Matthew Ruffell Tue, 20 Aug 2019 20:26:24 -0700

** Description changed:

  BugLink: https://bugs.launchpad.net/bugs/1840619
  
  [Impact]
  
  In environments which have CHECKSUM iptables rules set, the following
  kernel call trace will be created when a GSO skb is processed by the
  CHECKSUM target:
  
  WARNING: CPU: 34 PID: 806048 at 
/build/linux-zdslHp/linux-4.4.0/net/core/dev.c:2456 
skb_warn_bad_offload+0xcf/0x110()
  qr-f78bfdf7-fe: caps=(0x000000000fdb58e9, 0x000000000fdb58e9) len=1955 
data_len=479 gso_size=1448 gso_type=1 ip_summed=3
  CPU: 34 PID: 806048 Comm: haproxy Tainted: G        W  OE   4.4.0-138-generic 
#164-Ubuntu
  Call Trace:
   dump_stack+0x63/0x90
   warn_slowpath_common+0x82/0xc0
   warn_slowpath_fmt+0x5c/0x80
   ? ___ratelimit+0xa2/0xe0
   skb_warn_bad_offload+0xcf/0x110
   skb_checksum_help+0x185/0x1a0
   checksum_tg+0x22/0x29 [xt_CHECKSUM]
   ipt_do_table+0x301/0x730 [ip_tables]
   ? ipt_do_table+0x349/0x730 [ip_tables]
   iptable_mangle_hook+0x39/0x107 [iptable_mangle]
   nf_iterate+0x68/0x80
   nf_hook_slow+0x73/0xd0
   ip_output+0xcf/0xe0
   ? __ip_flush_pending_frames.isra.43+0x90/0x90
   ip_local_out+0x3b/0x50
   ip_queue_xmit+0x154/0x390
   __tcp_transmit_skb+0x52b/0x9b0
   tcp_write_xmit+0x1dd/0xf50
   __tcp_push_pending_frames+0x31/0xd0
   tcp_push+0xec/0x110
   tcp_sendmsg+0x749/0xba0
   inet_sendmsg+0x6b/0xa0
   sock_sendmsg+0x3e/0x50
   SYSC_sendto+0x101/0x190
   ? __sys_sendmsg+0x51/0x90
   SyS_sendto+0xe/0x10
   entry_SYSCALL_64_fastpath+0x22/0xc1
  
  The CHECKSUM target does not support GSO skbs, and when a GSO skb is
  passed to skb_checksum_help(), it errors out and skb_warn_bad_offload()
  is called.
  
  The above call trace was found in a customer environment which has an
  Openstack deployment, with the following sorts of iptables rules set:
  
  -A neutron-l3-agent-POSTROUTING -o qr-+ -p tcp -m tcp --sport 9697 -j 
CHECKSUM --checksum-fill
  -A neutron-dhcp-age-POSTROUTING -p udp -m udp --dport 68 -j CHECKSUM 
--checksum-fill
  
  This was causing haproxy running on the node to crash and restart every
  time a GSO skb was processed by the CHECKSUM target.
  
  I recommend reading the netdev mailing list thread for more details:
  https://www.spinics.net/lists/netdev/msg517366.html
  
  [Fix]
  
  This was fixed in 4.19 upstream with the below commit:
  
  commit 10568f6c5761db24249c610c94d6e44d5505a0ba
  Author: Florian Westphal <[email protected]>
  Date:   Wed Aug 22 11:33:27 2018 +0200
  Subject: netfilter: xt_checksum: ignore gso skbs
  
  This commit adds a check to see if the current skb is a gso skb, and if
  it is, skips skb_checksum_help().
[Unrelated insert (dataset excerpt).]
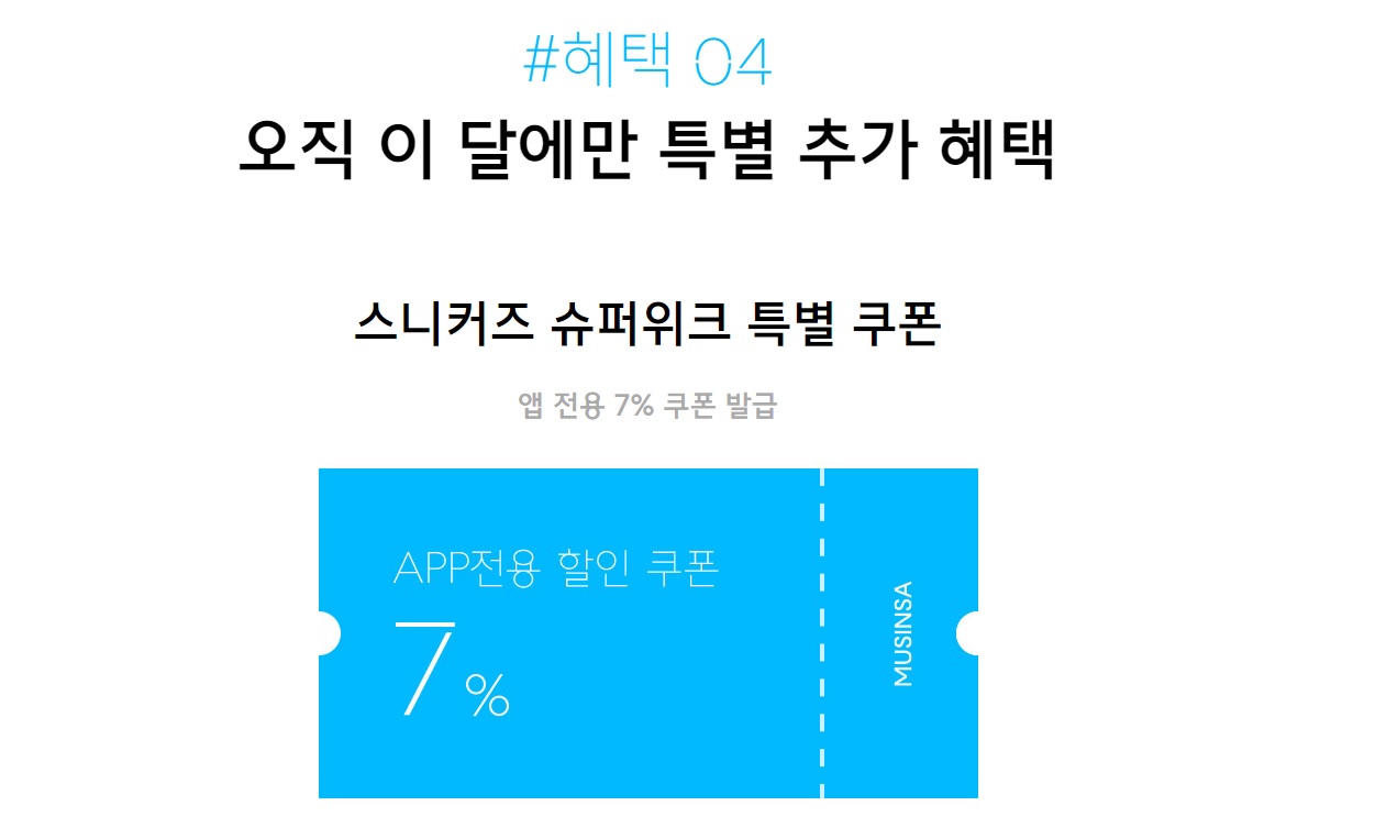 스니커즈 슈퍼위크 특별 쿠폰으로 앱 전용 7% 쿠폰을 지급한다.

It then continues on to check if the
  packet uses udp, and if it does, exits early. Otherwise it prints a
  single warning that CHECKSUM should be avoided, and if really needed,
  only for use with outbound udp.
  
  Note, 10568f6c5761db24249c610c94d6e44d5505a0ba was included in upstream
  stable version 4.18.13, and was backported to bionic in 4.15.0-58.64 by
  LP #1836426.
  
  This patch required minor backporting for 4.4, by slightly adjusting the
  context in the final patch hunk.
  
  [Testcase]
  
  You can reproduce this by adding the following iptables rule to the
  mangle table:
  
  -A POSTROUTING -p tcp -m tcp --sport 80 -j CHECKSUM --checksum-fill
  
  and running traffic over port 80 with incorrect checksums in the ip
  header.
  
  I built a test kernel, which is available here:
  
  https://launchpad.net/~mruffell/+archive/ubuntu/sf216537-test
  
  For unpatched kernels, this causes the process which was handeling the
  socket to crash, as seen by haproxy crashing on a node in production
  which hits this issue.
  
- On patched kernels you see the warning printed to dmesg and no crashes
- occur.
+ On patched kernels you see the below warning printed to dmesg and no
+ crashes occur.
+ 
+ xt_CHECKSUM: CHECKSUM should be avoided.  If really needed, restrict
+ with "-p udp" and only use in OUTPUT
  
  [Regression Potential]
  
  The changes are limited only to users which have CHECKSUM rules enabled
  in their iptables configs. Openstack commonly configures such rules on
  deployment, even though they are not necessary, as almost all packets
  have their checksum calculated by NICs these days, and CHECKSUM is only
  around to service old dhcp clients which would discard UDP packets with
  empty checksums.
  
  This commit was selected for upstream -stable 4.18.13, and has made its
  way into bionic 4.15.0-58.64 by LP #1836426. There have been no reported
  problems and those kernels would have had sufficient testing with
  Openstack and its configured iptables rules.
  
  If any users are affected by regression, then they can simply delete any
  CHECKSUM entries in their iptables configs.


** Description changed:

  BugLink: https://bugs.launchpad.net/bugs/1840619
  
  [Impact]
  
  In environments which have CHECKSUM iptables rules set, the following
  kernel call trace will be created when a GSO skb is processed by the
  CHECKSUM target:
  
  WARNING: CPU: 34 PID: 806048 at 
/build/linux-zdslHp/linux-4.4.0/net/core/dev.c:2456 
skb_warn_bad_offload+0xcf/0x110()
  qr-f78bfdf7-fe: caps=(0x000000000fdb58e9, 0x000000000fdb58e9) len=1955 
data_len=479 gso_size=1448 gso_type=1 ip_summed=3
  CPU: 34 PID: 806048 Comm: haproxy Tainted: G        W  OE   4.4.0-138-generic 
#164-Ubuntu
  Call Trace:
   dump_stack+0x63/0x90
   warn_slowpath_common+0x82/0xc0
   warn_slowpath_fmt+0x5c/0x80
   ? ___ratelimit+0xa2/0xe0
   skb_warn_bad_offload+0xcf/0x110
   skb_checksum_help+0x185/0x1a0
   checksum_tg+0x22/0x29 [xt_CHECKSUM]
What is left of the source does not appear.